### [Data shown]
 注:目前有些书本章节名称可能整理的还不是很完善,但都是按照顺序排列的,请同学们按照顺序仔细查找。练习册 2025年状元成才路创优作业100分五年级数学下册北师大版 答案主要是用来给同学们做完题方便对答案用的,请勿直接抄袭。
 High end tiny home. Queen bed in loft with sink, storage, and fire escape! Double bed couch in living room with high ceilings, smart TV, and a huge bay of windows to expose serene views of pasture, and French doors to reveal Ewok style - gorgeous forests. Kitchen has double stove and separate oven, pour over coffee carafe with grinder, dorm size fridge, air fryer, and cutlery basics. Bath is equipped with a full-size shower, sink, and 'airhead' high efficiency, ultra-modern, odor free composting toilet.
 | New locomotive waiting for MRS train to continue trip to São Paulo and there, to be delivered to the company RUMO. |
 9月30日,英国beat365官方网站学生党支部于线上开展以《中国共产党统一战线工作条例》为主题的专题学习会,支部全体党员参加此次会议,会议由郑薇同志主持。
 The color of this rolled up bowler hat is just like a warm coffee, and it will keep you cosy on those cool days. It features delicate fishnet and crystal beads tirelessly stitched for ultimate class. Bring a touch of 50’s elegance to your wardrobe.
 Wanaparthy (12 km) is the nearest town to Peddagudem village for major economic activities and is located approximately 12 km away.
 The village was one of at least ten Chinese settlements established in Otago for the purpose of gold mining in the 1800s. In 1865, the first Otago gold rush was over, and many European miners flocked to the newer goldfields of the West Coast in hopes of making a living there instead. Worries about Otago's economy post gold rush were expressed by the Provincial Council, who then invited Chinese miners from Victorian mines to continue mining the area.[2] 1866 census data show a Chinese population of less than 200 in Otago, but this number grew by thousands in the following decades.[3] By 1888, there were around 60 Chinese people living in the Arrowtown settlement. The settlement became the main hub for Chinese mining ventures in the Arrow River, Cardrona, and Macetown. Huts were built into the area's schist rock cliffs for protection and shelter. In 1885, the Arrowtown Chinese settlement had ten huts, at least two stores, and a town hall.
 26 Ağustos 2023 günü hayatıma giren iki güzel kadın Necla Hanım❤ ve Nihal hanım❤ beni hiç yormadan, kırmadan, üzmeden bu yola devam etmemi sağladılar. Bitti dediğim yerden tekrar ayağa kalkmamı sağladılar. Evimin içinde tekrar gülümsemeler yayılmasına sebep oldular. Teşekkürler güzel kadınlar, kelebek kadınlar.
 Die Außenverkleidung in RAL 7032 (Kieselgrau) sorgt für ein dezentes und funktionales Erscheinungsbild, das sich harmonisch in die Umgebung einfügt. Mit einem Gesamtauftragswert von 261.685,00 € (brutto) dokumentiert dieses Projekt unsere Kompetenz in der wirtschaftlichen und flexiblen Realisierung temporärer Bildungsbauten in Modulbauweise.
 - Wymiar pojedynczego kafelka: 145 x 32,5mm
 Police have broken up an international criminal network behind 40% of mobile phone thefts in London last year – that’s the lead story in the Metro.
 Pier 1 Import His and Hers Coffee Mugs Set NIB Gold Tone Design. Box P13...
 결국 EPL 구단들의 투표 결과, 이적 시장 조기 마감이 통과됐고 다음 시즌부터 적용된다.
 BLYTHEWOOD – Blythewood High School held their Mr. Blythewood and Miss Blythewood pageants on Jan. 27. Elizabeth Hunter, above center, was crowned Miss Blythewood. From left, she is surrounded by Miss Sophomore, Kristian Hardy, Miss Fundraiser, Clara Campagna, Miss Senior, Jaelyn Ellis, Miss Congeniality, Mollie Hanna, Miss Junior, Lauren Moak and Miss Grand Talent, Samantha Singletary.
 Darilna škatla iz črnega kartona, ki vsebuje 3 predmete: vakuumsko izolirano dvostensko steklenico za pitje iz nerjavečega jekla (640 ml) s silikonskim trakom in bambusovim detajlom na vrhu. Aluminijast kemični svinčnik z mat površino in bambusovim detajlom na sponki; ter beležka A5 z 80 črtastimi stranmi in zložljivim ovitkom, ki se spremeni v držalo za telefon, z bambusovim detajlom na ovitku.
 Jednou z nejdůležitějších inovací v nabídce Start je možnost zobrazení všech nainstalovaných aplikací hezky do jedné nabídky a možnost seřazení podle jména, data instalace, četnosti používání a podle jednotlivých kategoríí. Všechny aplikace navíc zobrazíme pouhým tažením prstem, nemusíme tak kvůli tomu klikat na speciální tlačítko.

### [Problem]
Each line in the listing above from the one containing "company RUMO. |" through the one containing "9月30日,英国beat36" should be repeated exactly, and no other line.

### [Exercise answer]
 | New locomotive waiting for MRS train to continue trip to São Paulo and there, to be delivered to the company RUMO. |
 9月30日,英国beat365官方网站学生党支部于线上开展以《中国共产党统一战线工作条例》为主题的专题学习会,支部全体党员参加此次会议,会议由郑薇同志主持。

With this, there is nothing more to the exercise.